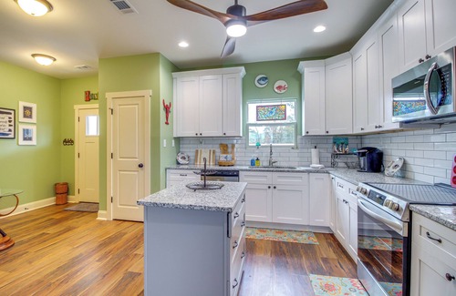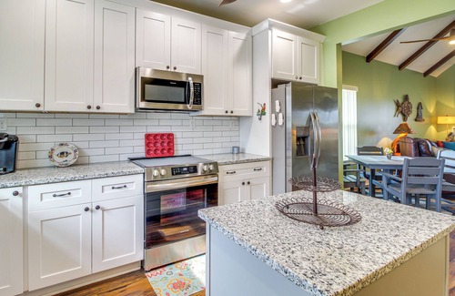 Nestled in the charming city of Midway and mere steps from the scenic riverfront, this 3-bedroom, 2-bath vacation rental home is ideal for those seeking relaxation and water-based adventures. Take the provided kayaks out for a spin, play cornhole in the sprawling yard, or roast s’mores around the fire. For more excitement, head to Savannah to explore the historic district or Forsyth Park!
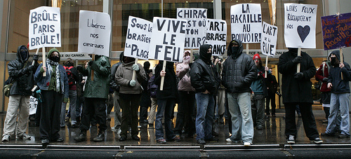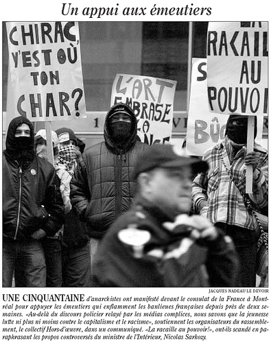 Le piquetage d'appui aux émeutiers en France que nous avons organisé ce mercredi à Montréal s'est avéré un franc succès. Avec seulement deux jours d'information via Internet, la mobilisation d'une cinquantaine d'anarchistes a dépassé toutes nos attentes.
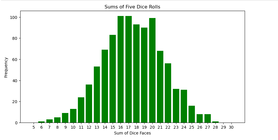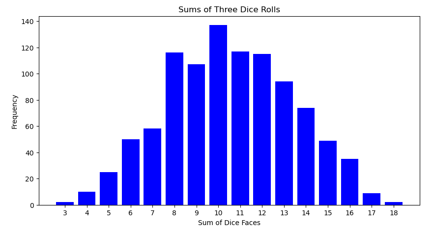 यह अलग shape इसलिए है क्योंकि middle के पास योग प्राप्त करने के अधिक तरीके होते हैं, जबकि छोटे या बड़े योग के लिए कम तरीके होते हैं।

- What is being asked: Copy the data verbatim, skipping any image it holds.

- Answer section:
 Nestled in the charming city of Midway and mere steps from the scenic riverfront, this 3-bedroom, 2-bath vacation rental home is ideal for those seeking relaxation and water-based adventures. Take the provided kayaks out for a spin, play cornhole in the sprawling yard, or roast s’mores around the fire. For more excitement, head to Savannah to explore the historic district or Forsyth Park!
 Le piquetage d'appui aux émeutiers en France que nous avons organisé ce mercredi à Montréal s'est avéré un franc succès. Avec seulement deux jours d'information via Internet, la mobilisation d'une cinquantaine d'anarchistes a dépassé toutes nos attentes.
 यह अलग shape इसलिए है क्योंकि middle के पास योग प्राप्त करने के अधिक तरीके होते हैं, जबकि छोटे या बड़े योग के लिए कम तरीके होते हैं।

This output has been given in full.